What to produce: Transcribe only the part of the material below that begins at the line containing "Before installing the" and ends at the line containing "Elemento di assoluto", with both kept and images left out.

Data:
==========
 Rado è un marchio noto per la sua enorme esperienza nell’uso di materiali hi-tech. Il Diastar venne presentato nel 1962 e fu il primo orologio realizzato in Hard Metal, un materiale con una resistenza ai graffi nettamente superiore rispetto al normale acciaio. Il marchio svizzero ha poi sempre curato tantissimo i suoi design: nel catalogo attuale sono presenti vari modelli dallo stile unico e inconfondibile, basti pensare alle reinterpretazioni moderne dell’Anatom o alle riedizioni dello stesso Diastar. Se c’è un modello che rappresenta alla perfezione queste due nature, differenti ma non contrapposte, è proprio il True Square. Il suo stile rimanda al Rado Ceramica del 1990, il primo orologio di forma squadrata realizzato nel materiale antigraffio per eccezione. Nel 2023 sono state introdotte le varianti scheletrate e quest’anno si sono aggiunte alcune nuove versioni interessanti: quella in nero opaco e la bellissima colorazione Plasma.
==========
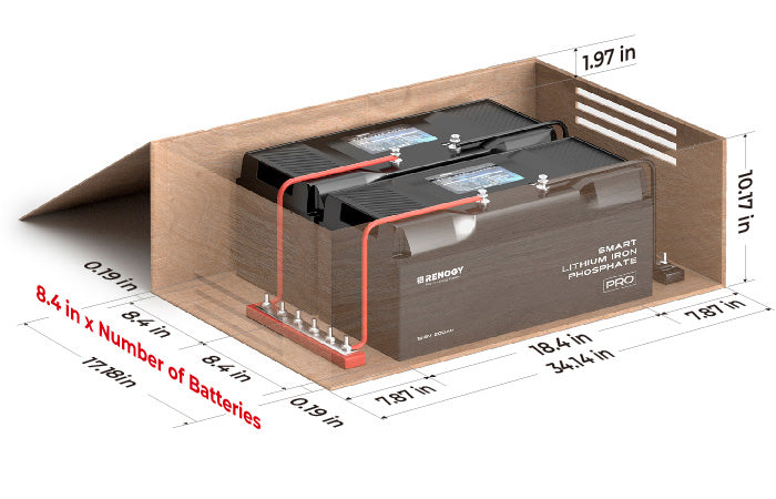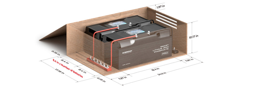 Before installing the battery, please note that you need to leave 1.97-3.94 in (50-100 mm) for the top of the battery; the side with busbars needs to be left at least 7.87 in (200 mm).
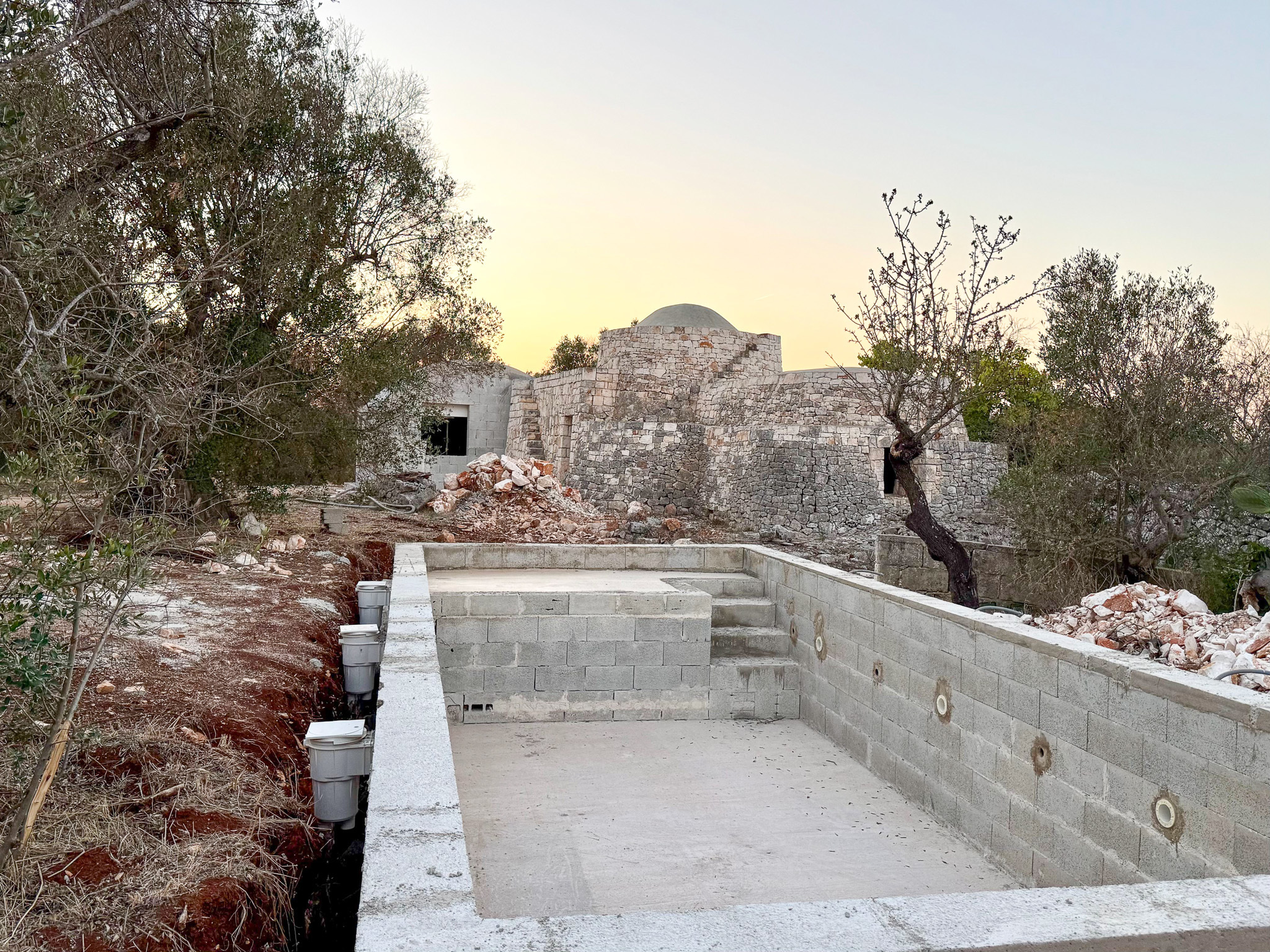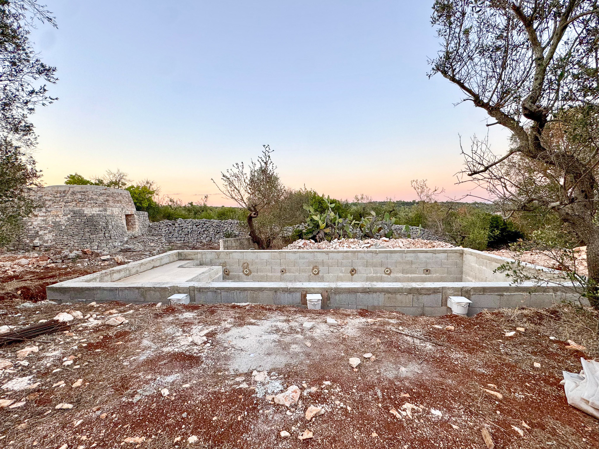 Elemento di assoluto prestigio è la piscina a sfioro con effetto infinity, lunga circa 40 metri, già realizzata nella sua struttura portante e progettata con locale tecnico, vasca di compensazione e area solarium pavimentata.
==========
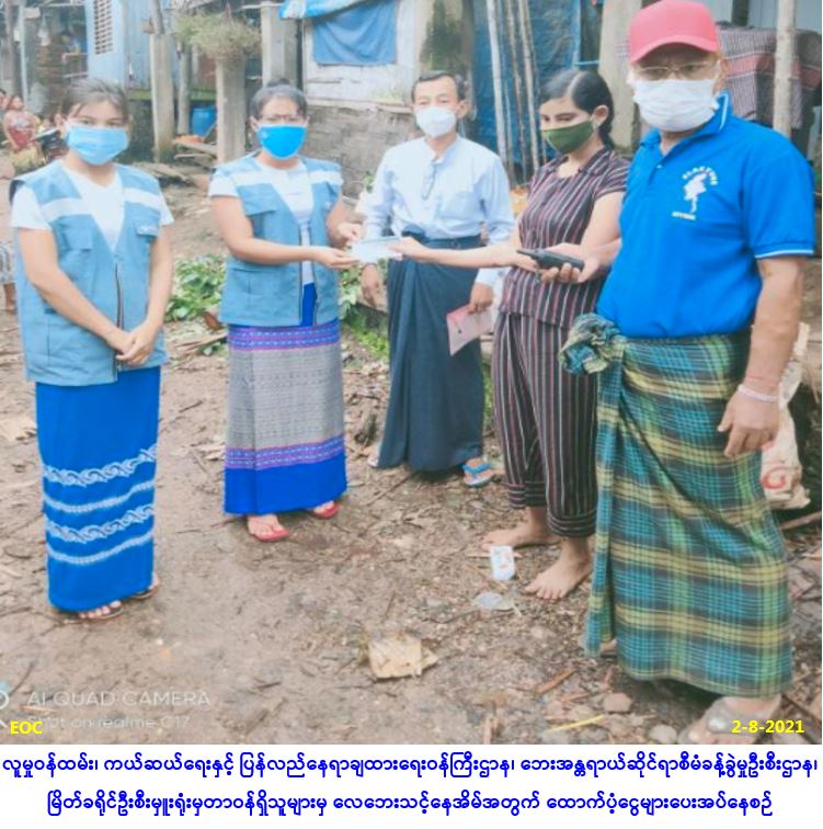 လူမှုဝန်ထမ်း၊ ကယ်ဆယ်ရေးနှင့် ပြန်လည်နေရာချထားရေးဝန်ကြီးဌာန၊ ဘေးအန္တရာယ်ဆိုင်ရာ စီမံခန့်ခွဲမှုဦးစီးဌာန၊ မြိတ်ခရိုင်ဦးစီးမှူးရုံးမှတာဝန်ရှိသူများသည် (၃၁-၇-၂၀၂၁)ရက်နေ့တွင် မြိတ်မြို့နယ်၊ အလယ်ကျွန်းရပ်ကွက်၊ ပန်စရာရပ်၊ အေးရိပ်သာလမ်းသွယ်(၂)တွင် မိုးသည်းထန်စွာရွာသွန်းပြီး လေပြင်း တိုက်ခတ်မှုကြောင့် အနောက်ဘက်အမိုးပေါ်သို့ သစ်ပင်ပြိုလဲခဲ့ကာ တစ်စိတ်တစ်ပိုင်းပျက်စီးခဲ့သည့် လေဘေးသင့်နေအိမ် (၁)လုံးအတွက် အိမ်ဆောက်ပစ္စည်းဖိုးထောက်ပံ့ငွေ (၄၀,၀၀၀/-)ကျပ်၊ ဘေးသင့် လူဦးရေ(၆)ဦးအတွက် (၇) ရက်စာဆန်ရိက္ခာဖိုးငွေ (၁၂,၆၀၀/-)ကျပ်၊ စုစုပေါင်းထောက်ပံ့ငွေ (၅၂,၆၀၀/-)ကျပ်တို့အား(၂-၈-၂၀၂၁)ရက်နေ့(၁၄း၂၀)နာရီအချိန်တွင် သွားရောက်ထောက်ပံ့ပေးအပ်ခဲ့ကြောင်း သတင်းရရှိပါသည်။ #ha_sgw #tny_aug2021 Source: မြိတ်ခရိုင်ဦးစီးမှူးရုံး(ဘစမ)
==========
Expected answer:
 Before installing the battery, please note that you need to leave 1.97-3.94 in (50-100 mm) for the top of the battery; the side with busbars needs to be left at least 7.87 in (200 mm).
 Elemento di assoluto prestigio è la piscina a sfioro con effetto infinity, lunga circa 40 metri, già realizzata nella sua struttura portante e progettata con locale tecnico, vasca di compensazione e area solarium pavimentata.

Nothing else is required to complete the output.